Step 5: The right communication
Claire L. shares one of the best decisions Airbnb has made – that of hiring Data Scientists who are not only very good technically, but also good at communicating. Indeed, the company grew very fast in 2017-2018. And to get familiar with how Airbnb works, you sometimes had to read between 15 and 20 analyses for Scientists or take a lot of time to educate yourself on the company’s positioning for design teams – all of which could quickly become costly.
So Airbnb changed its approach to analytics. Instead of making traditional memos that tend to get stale over time and need to be constantly updated, the company started building “living documents.” “We set up “states of knowledge”, aggregations of all the knowledge of a team on a subject – updated according to the frequency of research on a question” Claire details.
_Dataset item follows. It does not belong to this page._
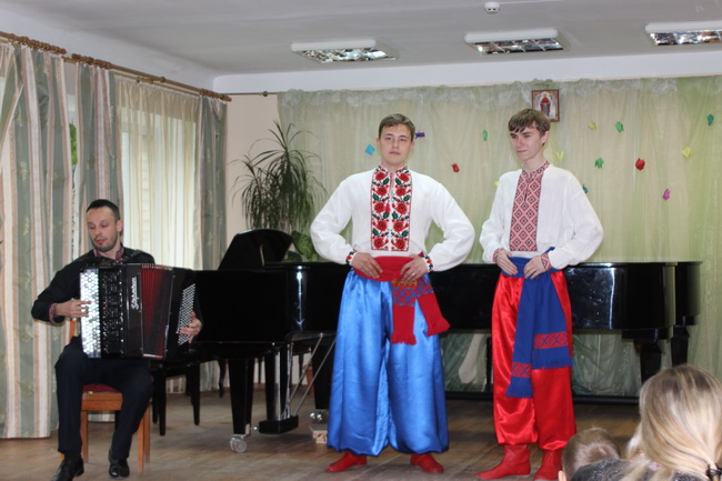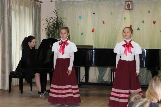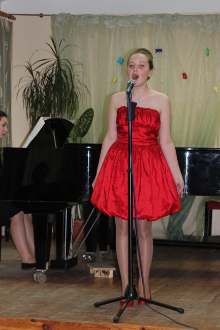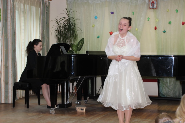 Учні викладача Стефанишиної Тетяни Володимирівни у супроводі Шаріної Анастасії Вадимівни привітали гостей зали творами: Ллойд Веббер «Pie Jesu» - дует «Сестер Наруцьких», І. Люцци «Ave Maria» - Ірина Кравченко, Василь Барвінський на слова Лесі Українки «Знов весна» – Власенко Ангеліна, Дждордж Гершщвін «Колискова Клари» - Дар’я Максимчук.

The Head of Data Science also explains the importance of communication during the COVID crisis. Since the Airbnb teams in San Francisco were no longer face-to-face, it became essential to work on new communication formats: “We observed a great deal of email and screen fatigue in general. So we looked for more effective ways to communicate, such as via podcast or video formats, so that our employees could get information away from their screens. We needed to simplify and make information available in a simple and visual way so that all employees can appropriate the data.”
Step 6: A more human-like Machine Learning
Since its beginnings, Airbnb has used search-matching algorithms between guests and hosts. But it took time for the company to build them in volume – on the one hand, to improve the user experience – and on the other to help cross-functional teams get comfortable discussing modeling decisions.
Claire Lebarz explains that in order to have machine learning algorithms without defects, you have to look at the problem backwards: “Instead of saying that we have to solve a problem through automation and machine learning, we wanted to focus on the opposite: What kind of user experience do we want to create? And then go and inject machine learning where it makes sense to improve those processes.”
The addition of category-based searches on the Airbnb platform illustrates this. Indeed, it was about offering an alternative way to search for a place to stay: by asking the traveler what they would like to do. “Here we’re moving away from our basic model where we propose to enter dates and the place you want to go. Now we can ask you what you want to do or have, like surfing lessons, a nice beach view, or even a pool.”
These algorithms are labor-intensive because they depend on documentation provided by hosts. To avoid having to ask hosts several questions a week, it’s the machine learning that “searches” for this information and pulls it up into the right categories on the site via algorithms.
Conclusion: the 3 data-driven talents according to Airbnb
To ensure a true data culture, hiring the right talent is crucial. According to Claire, here are the three essential data roles of a data-driven enterprise:
- Analytics Engineers: they are the guarantors of data governance and quality. They position themselves between Data Engineering and Analytics to focus on insights and questions.
- Machine Learning Ops: this is a new profession that focuses on the operation and evolution of machine learning algorithms.
- Data Product Managers: they are the ones who instill the way to manage data as a product and professionalize the data approach in the organization. They provide transparency on roadmaps, and new data features and they serve as a liaison with other functions.
“It is critical to bring these three emerging professions into the organization to truly become Data Powered!”